Lange bevor Menschen von „Nanotechnologie“ sprachen, setzten sie diese bereits unbewusst ein. So wurde im antiken China durch das Verbrennen pflanzlicher Öle nanoskaliger Ruß gewonnen, um Tinten und Farben zu verbessern. Im Römischen Reich gab es Nanozusätze bei der Glasherstellung, um dieses zu färben. Ein weiteres Beispiel sind die sogenannten Damaszener Schwerte. Diese waren berühmt für die Härte ihrer Klingen, was an eisenkarbidhaltigen Nanodrähten und Kohlenstoffnanoröhrchen lag.
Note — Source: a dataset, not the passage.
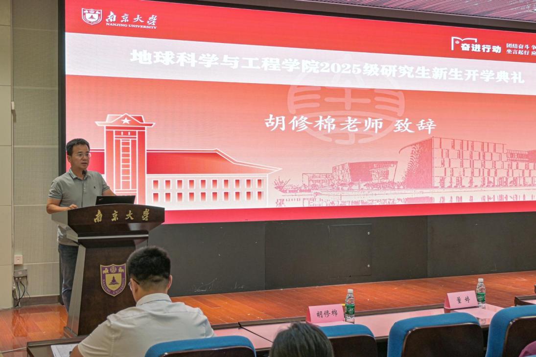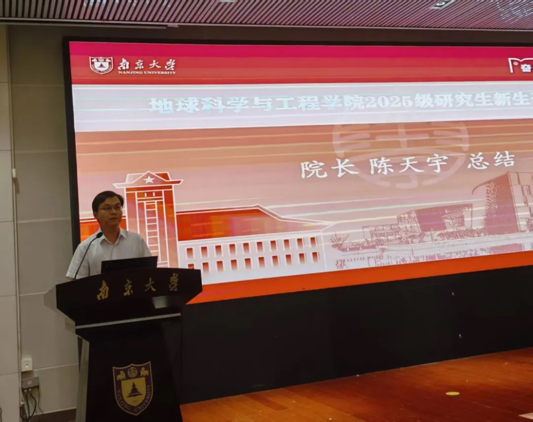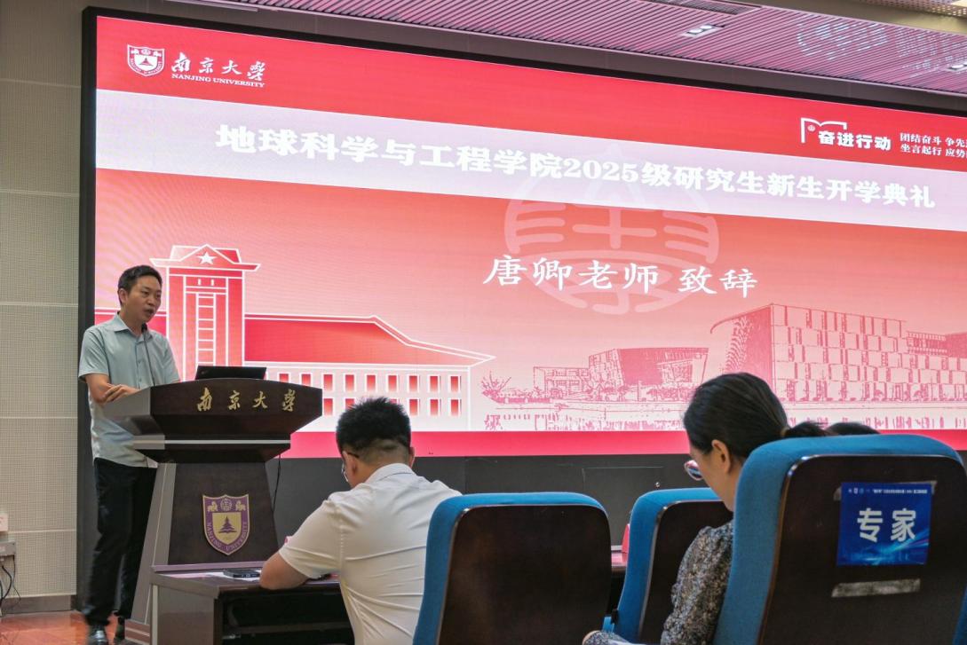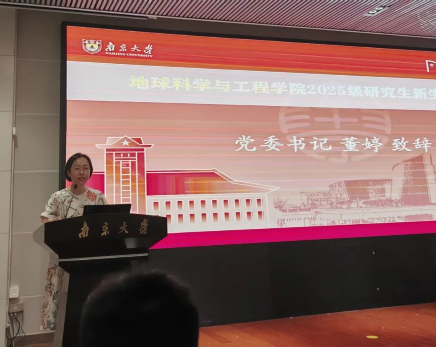 董婷书记代表学院向2025级全体新生表示热烈的欢迎与诚挚的祝贺。她指出,在南大地科院度过的岁月,将成为同学们充实而珍贵的成长时光。围绕未来学习与发展,她对同学们提出三点希望:一是要树立远大理想,明确奋斗方向;二是要培养良好的科研价值观,恪守学术规范、弘扬科学家精神;三是学会在集体中成长,积极与师生交流,找准自身定位,主动服务集体。最后,她祝愿所有新生在南大地科院学有所成、不断进步,拥抱光明的前程。

Zwar war der Japaner Norio Taniguchi im Jahre 1974 der Erste, der den Begriff „Nanotechnologie“ benutzte, doch als Vater der Nanotechnologie gilt der Physik-Nobelpreisträger Richard Feynman. In einer berühmt gewordenen Rede vom Dezember 1959 hatte er bereits bahnbrechende Ideen geäußert – etwa die Miniaturisierung von Computern, die Reduktion von Objektgrößen mit der damit einhergehenden Änderung von physikalischen Gesetzmäßigkeiten sowie die Komprimierung der 24 Bände umfassenden Encyclopedia Britannica auf einen Nagelkopf, wenn es möglich wäre, mit einzelnen Atomen die Buchstaben zu schreiben. Außerdem stellte er die wegweisende Frage, welche Eigenschaften Materialien hätten, wenn man ihre Atome den eigenen Wünschen gemäß anordnen könnte. Diese Denkrichtung führte zu komplett neuen Funktionalitäten und Designmöglichkeiten (siehe auch „Computer-basiertes Materialdesign“ auf Seite 87).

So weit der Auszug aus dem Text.